(Exercise instructions):
From the data that follows, print exactly the lines starting at the one containing "Dowiedzcie się więcej" and ending at the one containing "VIDEO: Fuerte pelea"; include both of them and nothing more.

(Data excerpts):

# # # # # # #

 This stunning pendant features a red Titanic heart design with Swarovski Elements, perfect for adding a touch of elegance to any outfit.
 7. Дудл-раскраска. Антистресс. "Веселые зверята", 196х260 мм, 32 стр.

# # # # # # #

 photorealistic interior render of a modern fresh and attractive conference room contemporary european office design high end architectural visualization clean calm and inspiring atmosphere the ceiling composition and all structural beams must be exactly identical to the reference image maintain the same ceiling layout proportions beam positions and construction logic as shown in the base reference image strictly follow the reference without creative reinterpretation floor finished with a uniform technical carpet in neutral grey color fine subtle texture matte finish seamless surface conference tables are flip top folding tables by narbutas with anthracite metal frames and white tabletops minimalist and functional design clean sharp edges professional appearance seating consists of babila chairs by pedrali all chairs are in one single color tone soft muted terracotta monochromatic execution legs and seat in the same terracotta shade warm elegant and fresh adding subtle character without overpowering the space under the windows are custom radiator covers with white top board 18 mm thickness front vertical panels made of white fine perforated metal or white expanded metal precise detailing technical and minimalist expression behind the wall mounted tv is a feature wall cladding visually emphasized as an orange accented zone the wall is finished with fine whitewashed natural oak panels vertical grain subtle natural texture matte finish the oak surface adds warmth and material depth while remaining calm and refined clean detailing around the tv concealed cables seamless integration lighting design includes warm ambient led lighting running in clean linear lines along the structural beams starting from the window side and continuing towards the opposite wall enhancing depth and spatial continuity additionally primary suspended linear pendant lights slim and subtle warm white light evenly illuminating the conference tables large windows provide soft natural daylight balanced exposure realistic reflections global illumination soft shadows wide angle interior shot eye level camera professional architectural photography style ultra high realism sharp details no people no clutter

# # # # # # #

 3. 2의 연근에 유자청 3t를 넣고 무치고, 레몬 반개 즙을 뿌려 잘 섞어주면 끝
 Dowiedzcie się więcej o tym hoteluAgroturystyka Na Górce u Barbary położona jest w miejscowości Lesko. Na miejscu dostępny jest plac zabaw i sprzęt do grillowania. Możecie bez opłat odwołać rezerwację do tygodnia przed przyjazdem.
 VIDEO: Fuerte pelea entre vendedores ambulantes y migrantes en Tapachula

# # # # # # #

(Answer box):
 Dowiedzcie się więcej o tym hoteluAgroturystyka Na Górce u Barbary położona jest w miejscowości Lesko. Na miejscu dostępny jest plac zabaw i sprzęt do grillowania. Możecie bez opłat odwołać rezerwację do tygodnia przed przyjazdem.
 VIDEO: Fuerte pelea entre vendedores ambulantes y migrantes en Tapachula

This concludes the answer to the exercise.